Bug 1467441

Summary: [paid][online-prod] Registry pushes failing with 404s and EOF errors for Online pro with 300 concurrent builds
Product: OpenShift Online Reporter: Mike Fiedler <mifiedle>
Component: Image RegistryAssignee: Alexey Gladkov <agladkov>
Status: CLOSED DEFERRED QA Contact: ge liu <geliu>
Severity: medium Docs Contact:
Priority: unspecified    
Version: 3.xCC: abhgupta, aos-bugs, bparees, dyan, hongkliu, mifiedle
Target Milestone: ---Keywords: OnlinePro, UpcomingRelease
Target Release: ---   
Hardware: Unspecified   
OS: Unspecified   
Whiteboard:
Fixed In Version: Doc Type: If docs needed, set a value
Doc Text:
Story Points: ---
Clone Of: Environment:
Last Closed: 2017-10-30 14:02:59 UTC Type: Bug
Regression: --- Mount Type: ---
Documentation: --- CRM:
Verified Versions: Category: ---
oVirt Team: --- RHEL 7.3 requirements from Atomic Host:
Cloudforms Team: --- Target Upstream Version:
Embargoed:
Attachments:
Description Flags
build log for EOF failure
none
build log for 404 failure
none
registry pod logs and syslog for registry nodes none

Description Mike Fiedler 2017-07-03 22:49:22 UTC
Description of problem:

Running 10, 100, 200, 300 concurrent builds in Online Pro production.  This cluster has 60 computes, 3 registries and uses S3 as the backend storage for the registry.

At the 300 concurrent build level a significant (20%) number of builds start failing with either 404 errors for the push or a cryptic EOF message.   Sample logs from failed builds are attached.   I'll add a link to complete build logs in a private comment.   Registry pod logs and the syslogs of the nodes where the registry is running are attached.
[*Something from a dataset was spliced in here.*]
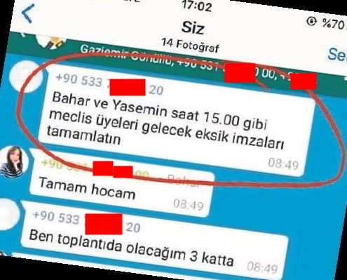 Gaziemir Belediyesi’nin CHP’li Başkanı Halil Arda’nın eşbaşkan gibi davranan eşi Deniz Arda’nın belediye personeline kurduğu “Bürgermeister- Team” (Başkanın Takımı) isimli whatsapp grubundan talimat yağdırdığı ortaya çıktı. Kendisine belediye logosuyla onursal koordinatör kartı bastıran Deniz Arda’nın mesajlarında personeli ihalelerle ilgili bile yönlendirdiği tespit edildi.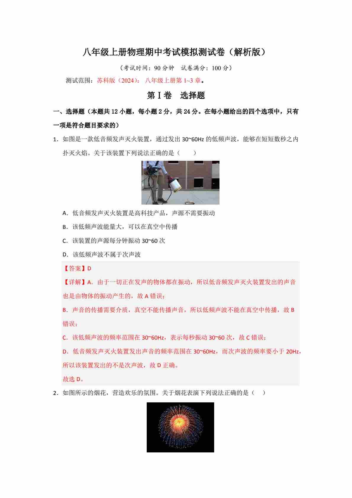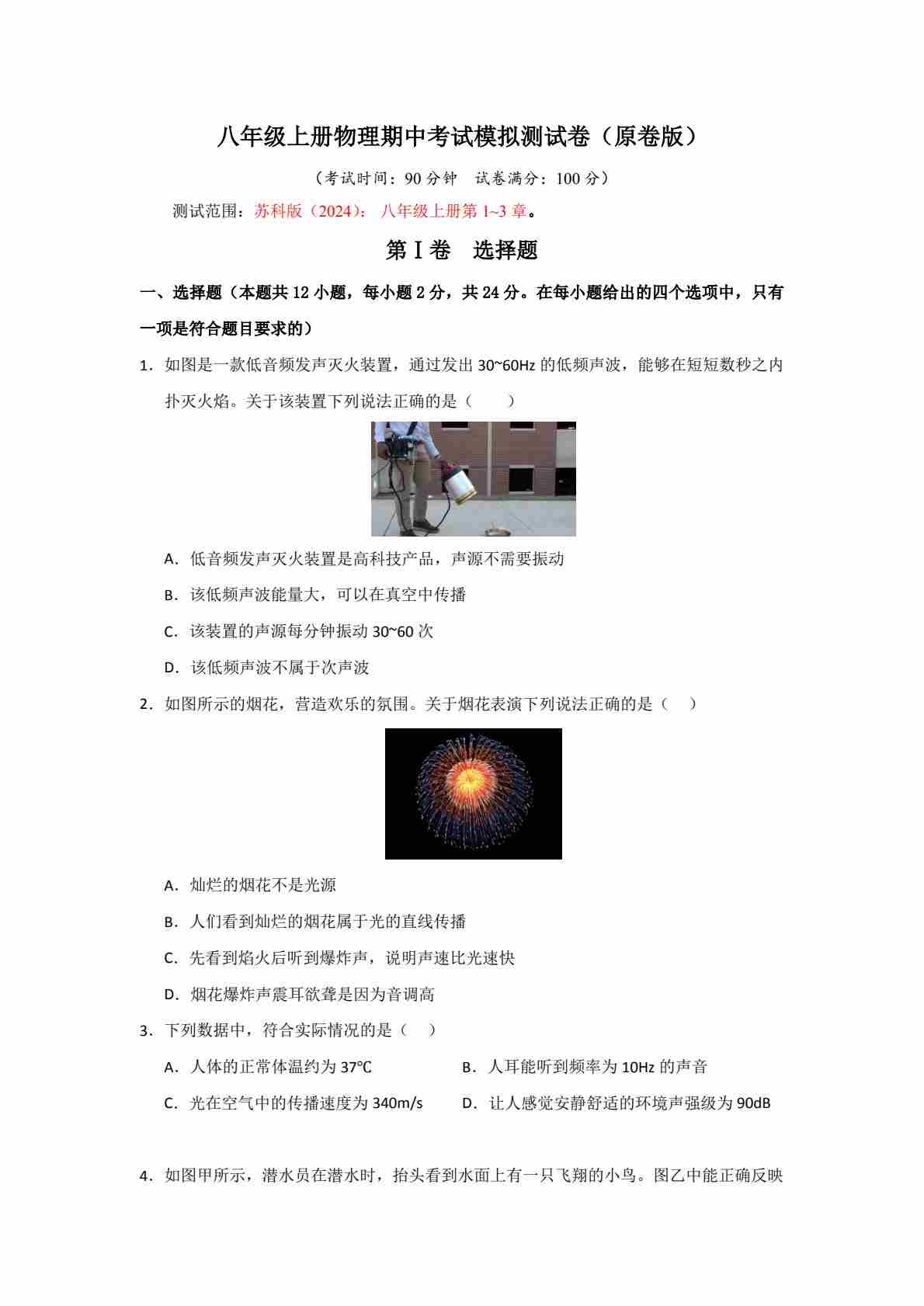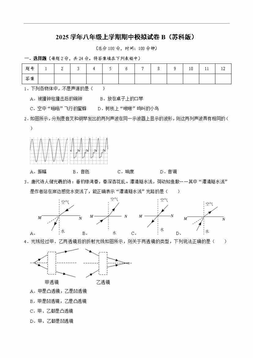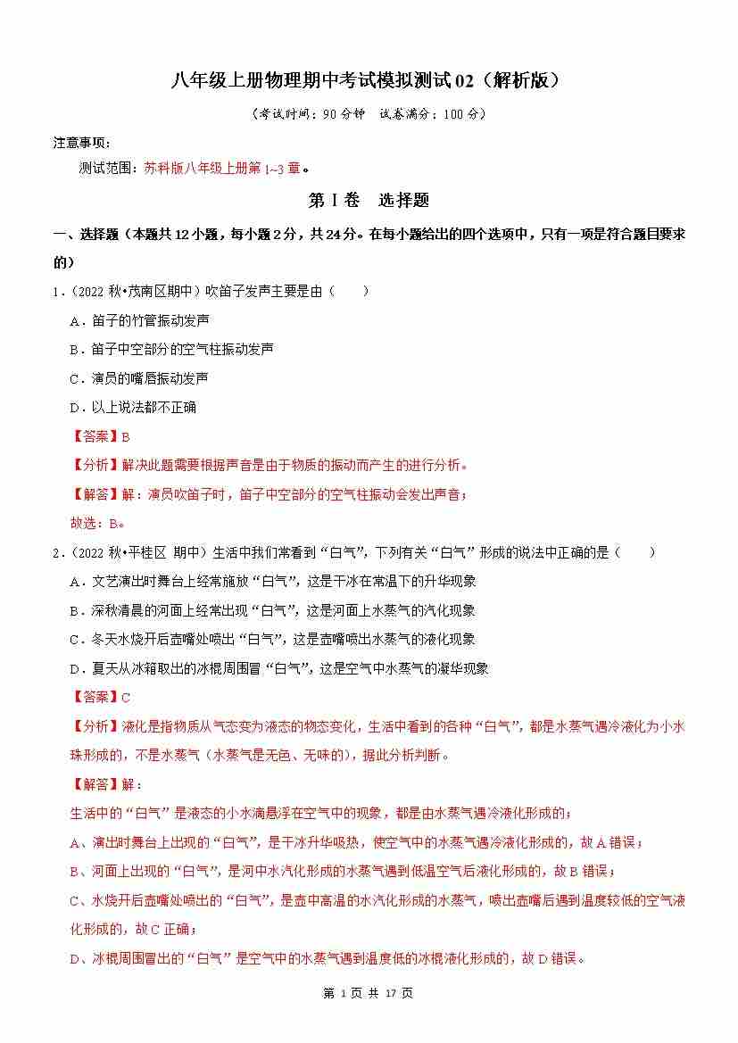 【苏科】8上物理期中卷【1-3章】

Version-Release number of selected component (if applicable): 3.5.5.50


How reproducible: Always when running 300 concurrent builds (5 builds per compute)


Steps to Reproduce:
1.  Online Pro production
2.  Create 300 projects with a quickstart - we used nodejs-mongodb
3.  Run all 300 builds concurrently.   Looping the projects with oc start-build will work or you can use the svt build_test tool:  https://github.com/openshift/svt/blob/master/openshift_performance/ose3_perf/scripts/build_test-README.md

Actual results:

20% of the builds fail with 404 errors on the push or with EOF messages like this:

2017-07-03T21:25:12.365716675Z error: build error: Failed to push image: Put https://172.30.118.67:5000/v2/proj44/nodejs-mongodb-example/blobs/uploads/c6348934-ce2a-480f-8307-d20a06a0a0d9?_state=RVk_IZciwmaWU3X7URbhnPJDO4CzFFnefRROMuybp-F7Ik5hbWUiOiJwcm9qNDQvbm9kZWpzLW1vbmdvZGItZXhhbXBsZSIsIlVVSUQiOiJjNjM0ODkzNC1jZTJhLTQ4MGYtODMwNy1kMjBhMDZhMGEwZDkiLCJPZmZzZXQiOjgwNjAsIlN0YXJ0ZWRBdCI6IjIwMTctMDctMDNUMjE6MjQ6MTJaIn0%3D&digest=sha256%3Ae8ccea6b2ec2c6cca16c742a2777017e86a223fb36961385d1ddfaba573de1b8: EOF


Expected results:

Less than 1% failures is the target

Comment 1 Mike Fiedler 2017-07-03 22:50:25 UTC
Created attachment 1293989 [details]
build log for EOF failure

Comment 2 Mike Fiedler 2017-07-03 22:50:48 UTC
Created attachment 1293990 [details]
build log for 404 failure

Comment 3 Mike Fiedler 2017-07-03 22:52:37 UTC
Created attachment 1293991 [details]
registry pod logs and syslog for registry nodes

Comment 5 Abhishek Gupta 2017-07-06 17:33:41 UTC
Pushing this out of the blocker list as we should not hit ~300 concurrent builds in prod at launch and users can retry their builds.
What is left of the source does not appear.